:: GIVEN MATERIAL ::

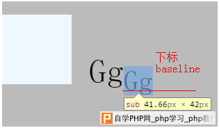 5、sub 将子元素盒子的baseline降低,到适当的父盒子的下标位置 子元素的baseline已经确定了,就是margin-bottom下边界,但是父盒子的下标位置太不好理解。。。首先需要了解下标这个概念,我们可以通过<sub>标签为文字添加下标,将<span>中的内容修改为Gg<sub>Gg</sub>,就会有如下效果。
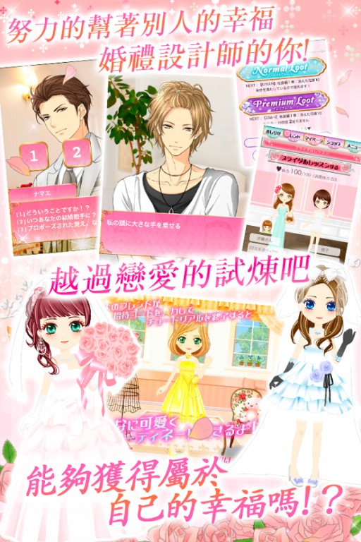故事劇情描述玩家所扮演身為婚禮顧問的女主角在因緣際會下,受到上司委託負責 3 組婚禮籌備。所擔任的對象有自我中心的富家公子、合作的禮服設計師,還有…前男友?令人心跳不已的情節正要上演!
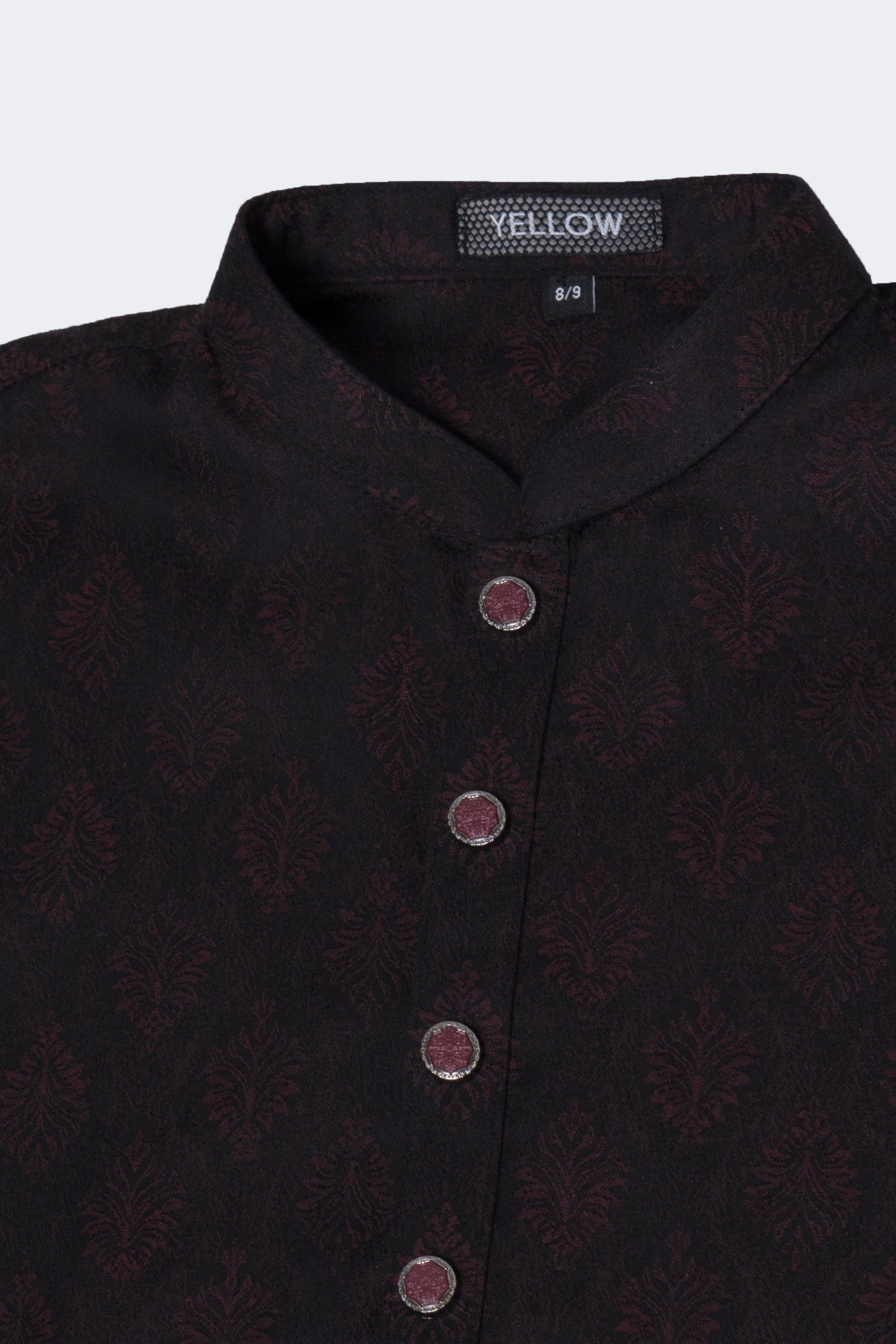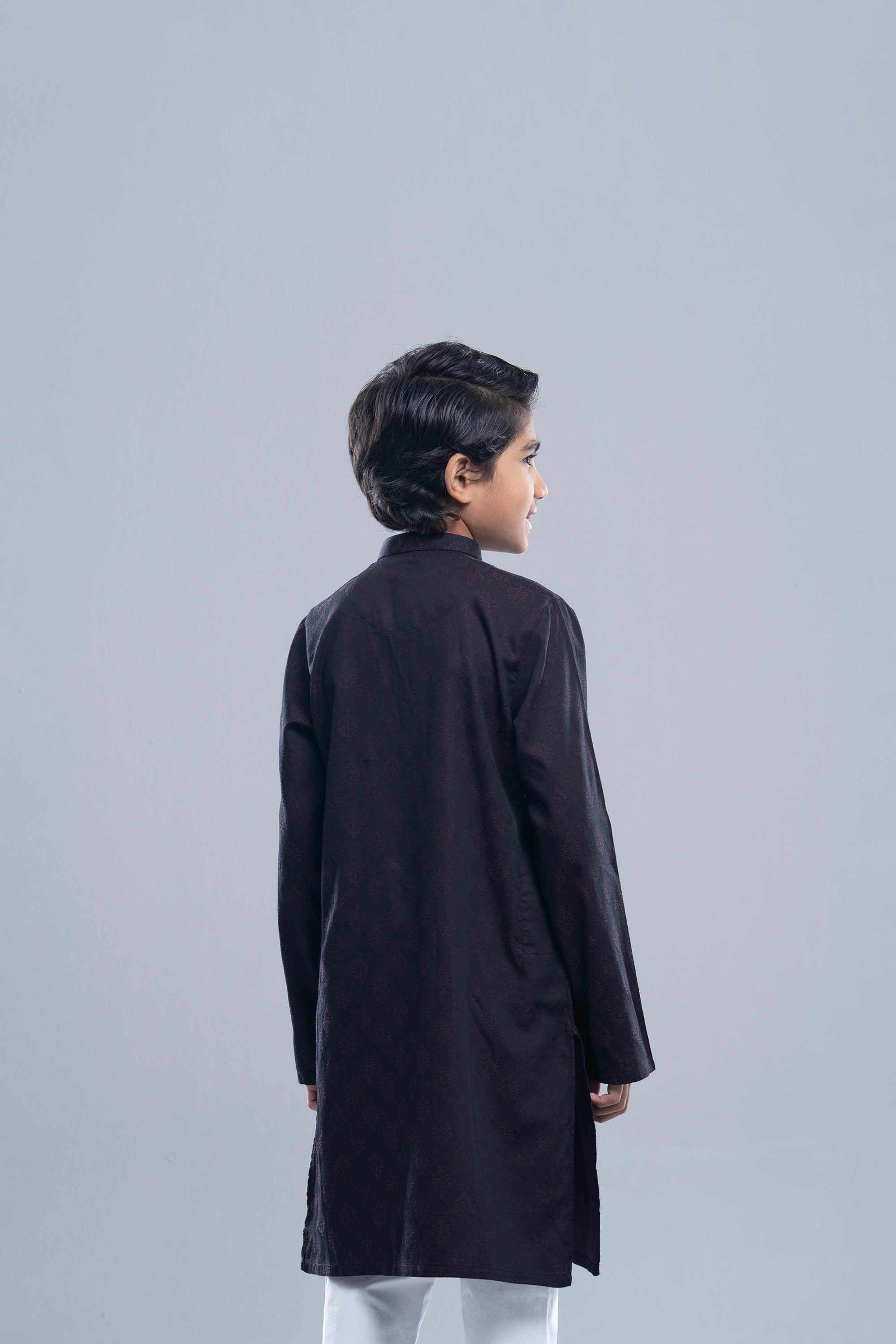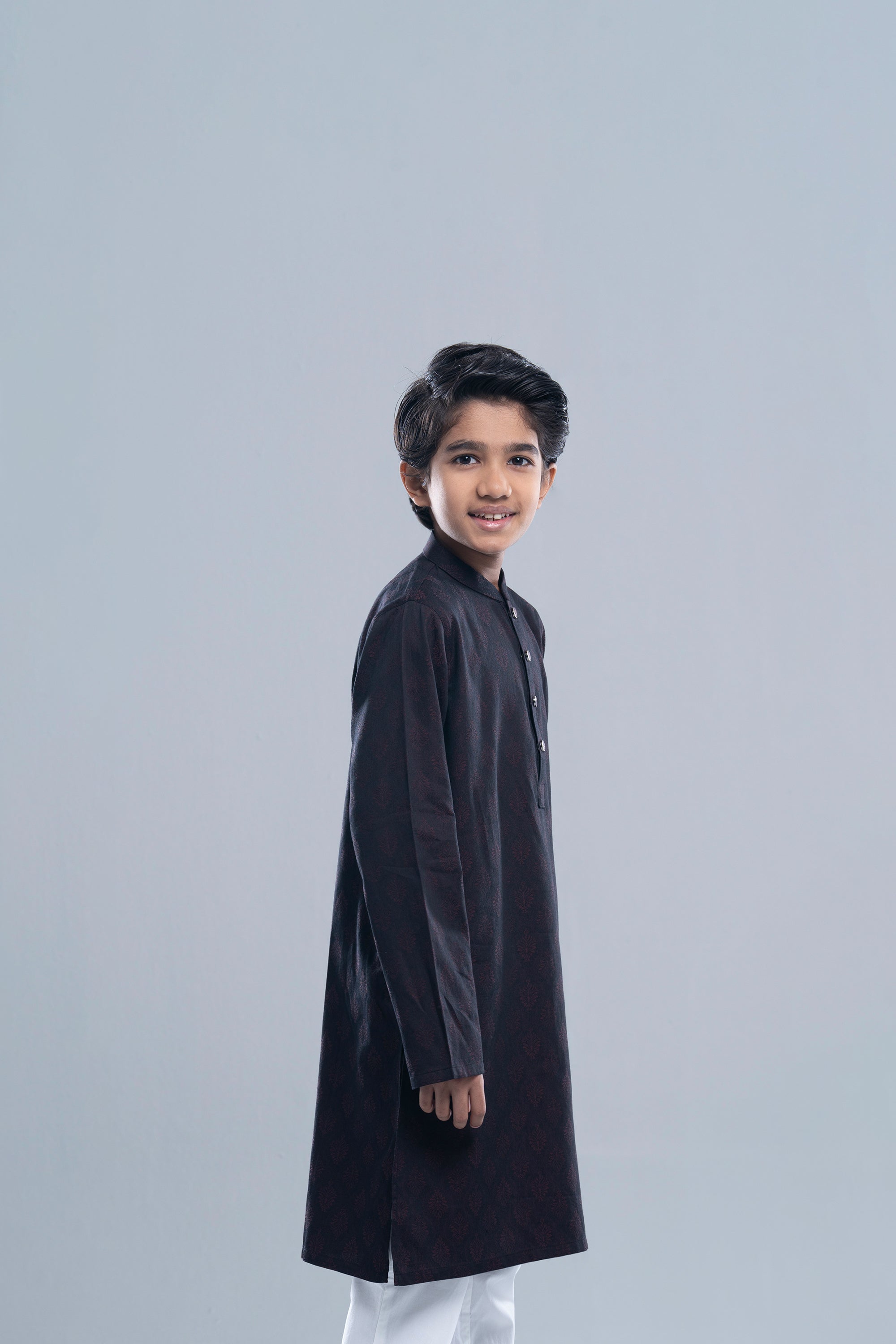 A regular fit boy's Panjabi crafted from 100% cotton jacquard breathable fabric, featuring elegant snap buttons, offers a stylish yet comfortable semi-formal look. Perfect for effortless elegance and all-day ease.

:::

(EXERCISE DETAILS): From the first line to the last, give the data again exactly, but without pictures.

(RESULT FOR THIS EXERCISE):
 5、sub 将子元素盒子的baseline降低,到适当的父盒子的下标位置 子元素的baseline已经确定了,就是margin-bottom下边界,但是父盒子的下标位置太不好理解。。。首先需要了解下标这个概念,我们可以通过<sub>标签为文字添加下标,将<span>中的内容修改为Gg<sub>Gg</sub>,就会有如下效果。
故事劇情描述玩家所扮演身為婚禮顧問的女主角在因緣際會下,受到上司委託負責 3 組婚禮籌備。所擔任的對象有自我中心的富家公子、合作的禮服設計師,還有…前男友?令人心跳不已的情節正要上演!
 A regular fit boy's Panjabi crafted from 100% cotton jacquard breathable fabric, featuring elegant snap buttons, offers a stylish yet comfortable semi-formal look. Perfect for effortless elegance and all-day ease.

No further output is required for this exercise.